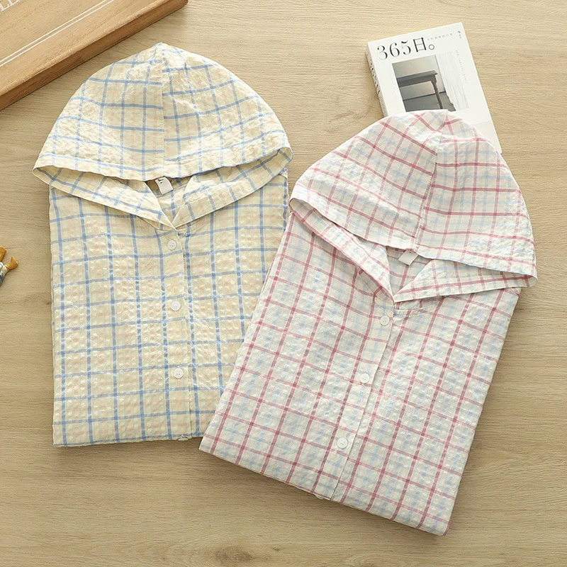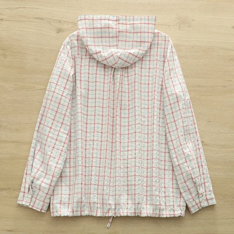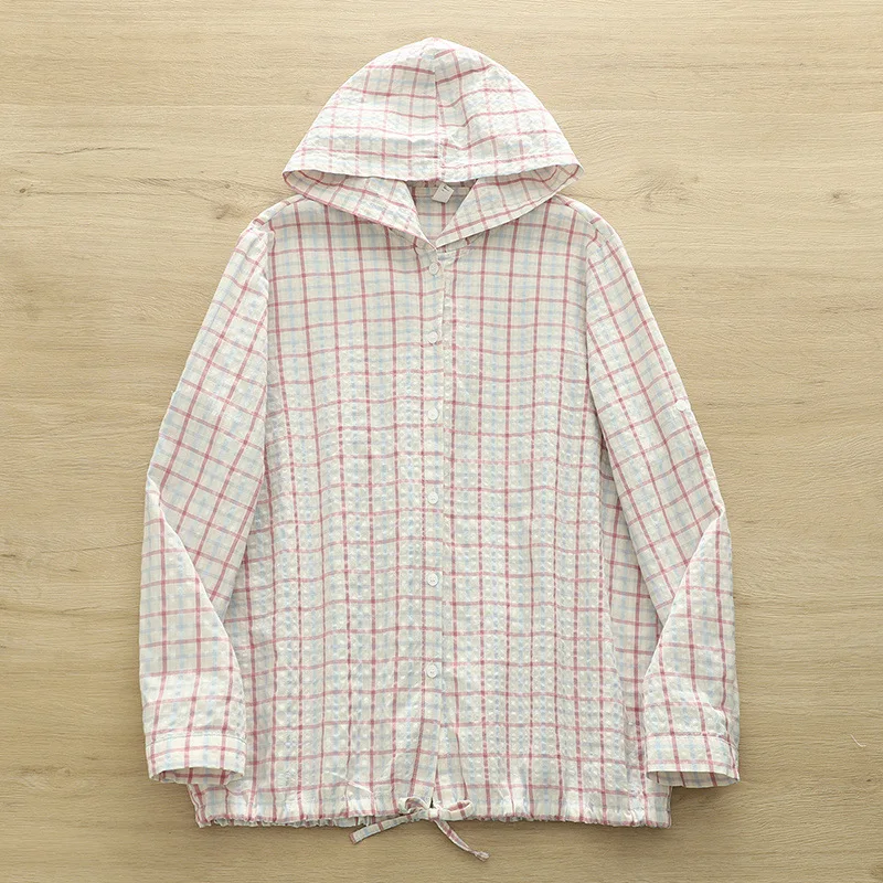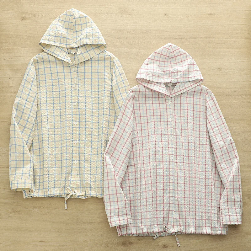 New 2025 Autumn Bubble Cotton Hooded Shirt, Women Long Sleeve Plaid, Mori Girl Casual Versatile Sunscreen Loose Blouse
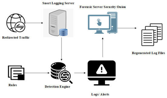 In this framework, traffic of the IoT device is redirected to a logging server and logs are generated. To overcome the limitation of low memory and low processing power of IoT devices, traffic of IoT devices is redirected to a logging server with an IP address of 192.168.56.2. All devices are connected in an M2M manner, so they can directly communicate with each other. A logging agent (WAZUH) [57] was used for log storage on the third-party server. However, the ARM architecture of the Raspberry Pi does not support it. Then, IPtables are used to redirect the network traffic to the snort gateway with an IP address of 192.168.56.2. The snort is installed on the logging server. Snort rules are written and included in the configuration file for specific attacks. Snort analyze the traffic coming to IoT device and matches with the snort rules. If the match is successful by the detection engine of the logging server, then a snort alert for attacks is generated and logs are stored at the logging server. If not, then these packets are discarded. Logs of attacks generated by snorts are in pcaps format. CIC flow meter open-source tool [58] is used to convert these pcaps files to CSV files. Then, a CSV file of logs is used for the machine learning models because ML cannot be applied on pcap files.
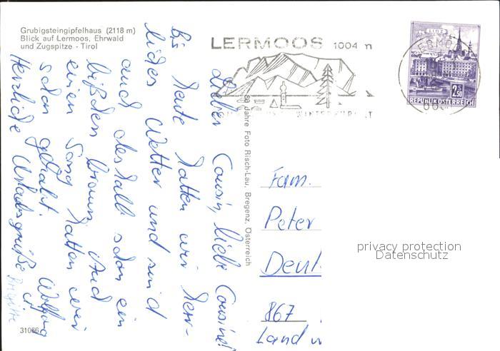 72079934 alte Postkarte Lermoos Tirol Grubigsteingipfelhaus Zugspitze postalisch gelaufen KatCode: 11390331070821
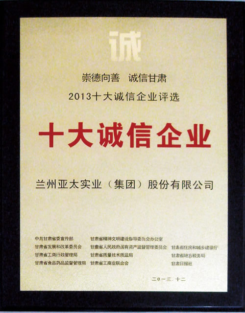 兰州k8凯发天生赢家一触即发股份公司荣获2013“甘肃十大诚信企业”称呼
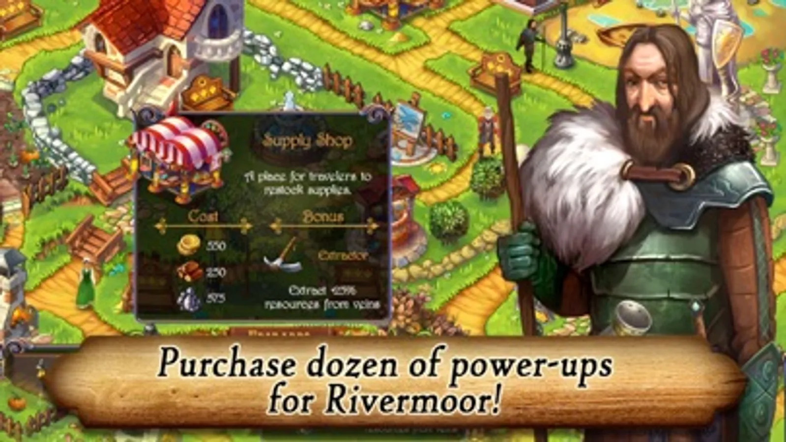 Match 3 or more gold, stone, and wood pieces to earn those resources. The larger the match, the more resources you receive. Use your resources to help rebuild the town of Rivermoor. Rivermoor is an old-time medieval village that was abandoned during the war and has a remaining population of only 3. They desperately need an extra hand to earn enough to pay their dues to the royal King!
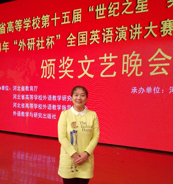 本届大赛分为专业学生组、非专业学生组、青年教师组等五组,同时进行比赛。经过即兴演讲、现场辩论和知识抢答等环节的激烈角逐,我院师生在比赛中各展风采,表现出了良好的精神风貌和优秀的外语水平。最终,张丽老师荣获青年教师组二等奖(排名第15名),连芳老师荣获青年教师组三等奖。英语专业学生智春妍、蒋玲燕荣获专业学生组三等奖,机械专业学生王梦遥、工商专业学生杜文媛荣获非专业学生组三等奖。
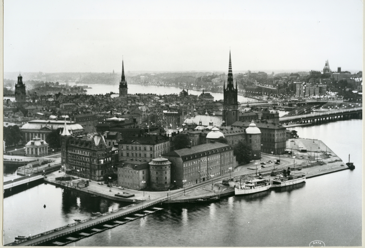 Riddarholmskajen efter pontonbrons tillkomst, 1930-talet.
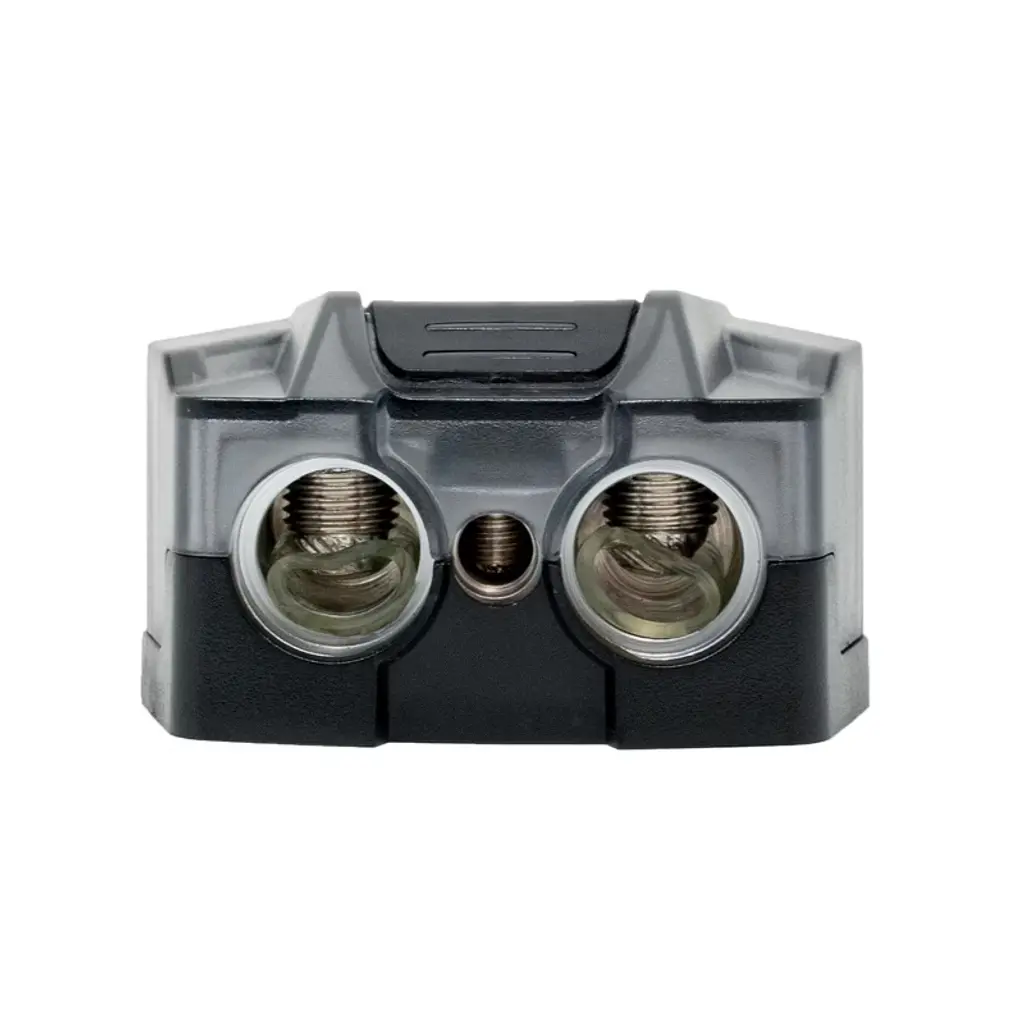 Negative or positive battery terminal with two 0AWG and 1 8AWG outputs. Nickel plated brass for better current transfer NPBAT fits BOTH positive & negative terminals Matte translucent black cover Adjustable aluminum logo badge 2 0AWG and 1 8 AWG outputs DESCRIPTION: + / - Battery Terminal DISTRIBUTION: 1 - 0/4 AWG INPUT/OUTPUT: 1- 0/4 AWG
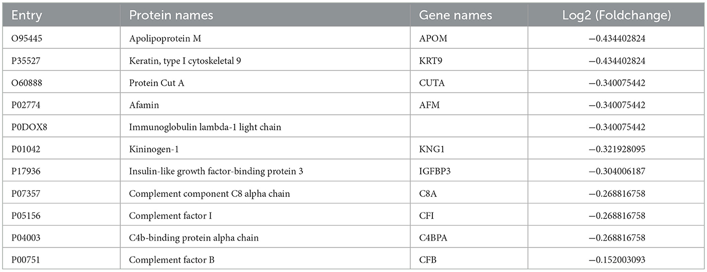 After converting the raw mass spectrometry data into an mgf format file through Proteome Discoverer (ThermoFisher Scientific, USA), the corresponding protein sequence database was searched and identified using protein identification software Mascot 2.3.02(Matrix Science Ltd, UK). At the same time as quality control analysis, determine whether the data in this case was qualified. After passing a certain screening threshold after the data was qualified, the final reliable protein identification result was obtained. Subsequently, iTRAQ quantitative analysis was performed, and CSF samples from PD, PDD, and HCs groups were labeled as groups A, B, and C, respectively. One repeated experiment was conducted, and a total of 8,85,123 secondary spectra were generated. Under the “1% FDR” filtering standard, a total of 7,987 peptide segments and 1,531 proteins were identified. In the case of repeated experiments, quantitative repeatability analysis was used to determine whether the quality of the quantitative data meets the standard. The significantly different proteins in a single experiment were screened under two conditions: fold change>1.2 and Q-value < 0.05. Then, intra group comparisons of PD, PDD, and HCs were conducted to identify PDD related differentially expressed proteins, including 34 upregulated proteins and 11 downregulated proteins (Tables 2, 3).
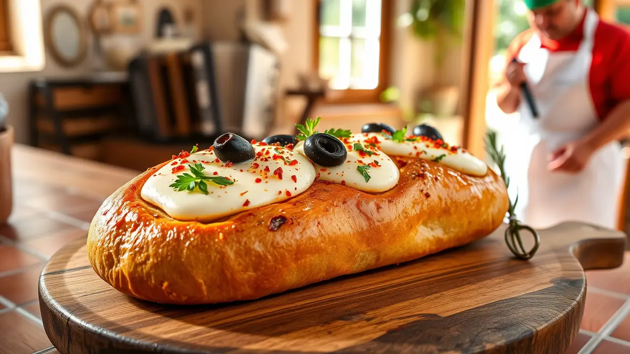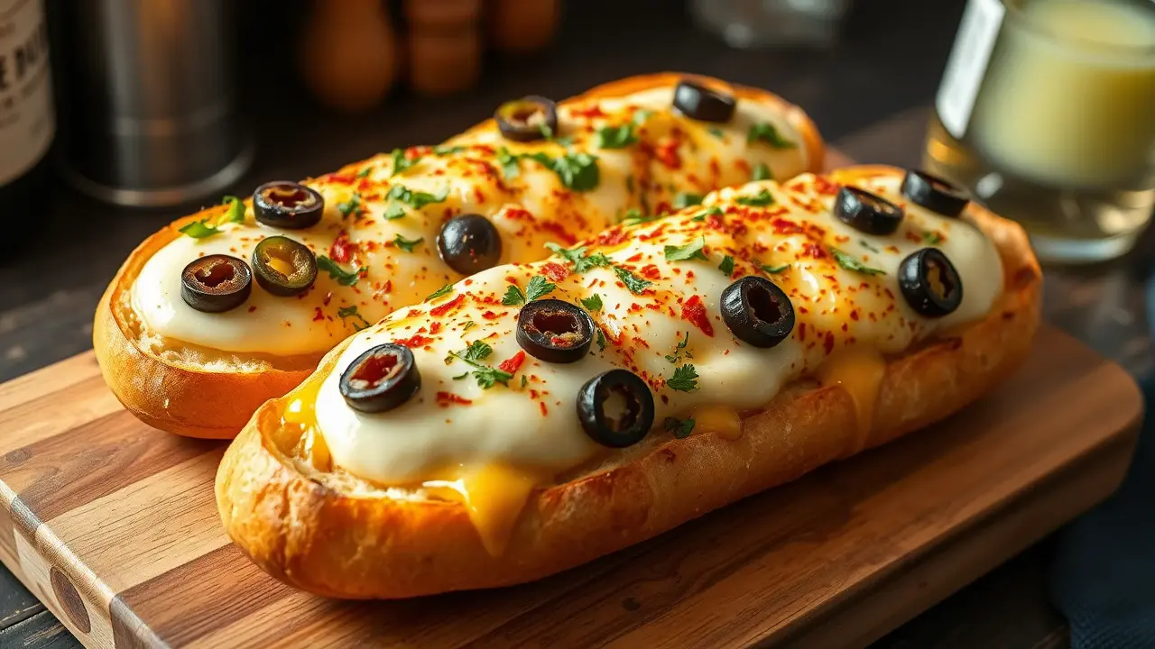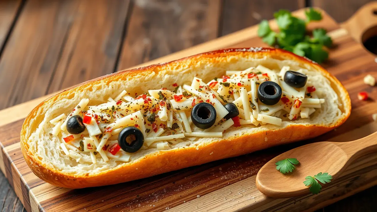Spicy Topped French Bread with Black Olives and Mozzarella 🌶️🍞🧀

* * *

## Assignment
Nothing except the lines from the one containing "Match 3 or more" through the one containing "Negative or positive" should appear in the answer, exactly as above and without pictures.

## Response area
 Match 3 or more gold, stone, and wood pieces to earn those resources. The larger the match, the more resources you receive. Use your resources to help rebuild the town of Rivermoor. Rivermoor is an old-time medieval village that was abandoned during the war and has a remaining population of only 3. They desperately need an extra hand to earn enough to pay their dues to the royal King!
 本届大赛分为专业学生组、非专业学生组、青年教师组等五组,同时进行比赛。经过即兴演讲、现场辩论和知识抢答等环节的激烈角逐,我院师生在比赛中各展风采,表现出了良好的精神风貌和优秀的外语水平。最终,张丽老师荣获青年教师组二等奖(排名第15名),连芳老师荣获青年教师组三等奖。英语专业学生智春妍、蒋玲燕荣获专业学生组三等奖,机械专业学生王梦遥、工商专业学生杜文媛荣获非专业学生组三等奖。
 Riddarholmskajen efter pontonbrons tillkomst, 1930-talet.
 Negative or positive battery terminal with two 0AWG and 1 8AWG outputs. Nickel plated brass for better current transfer NPBAT fits BOTH positive & negative terminals Matte translucent black cover Adjustable aluminum logo badge 2 0AWG and 1 8 AWG outputs DESCRIPTION: + / - Battery Terminal DISTRIBUTION: 1 - 0/4 AWG INPUT/OUTPUT: 1- 0/4 AWG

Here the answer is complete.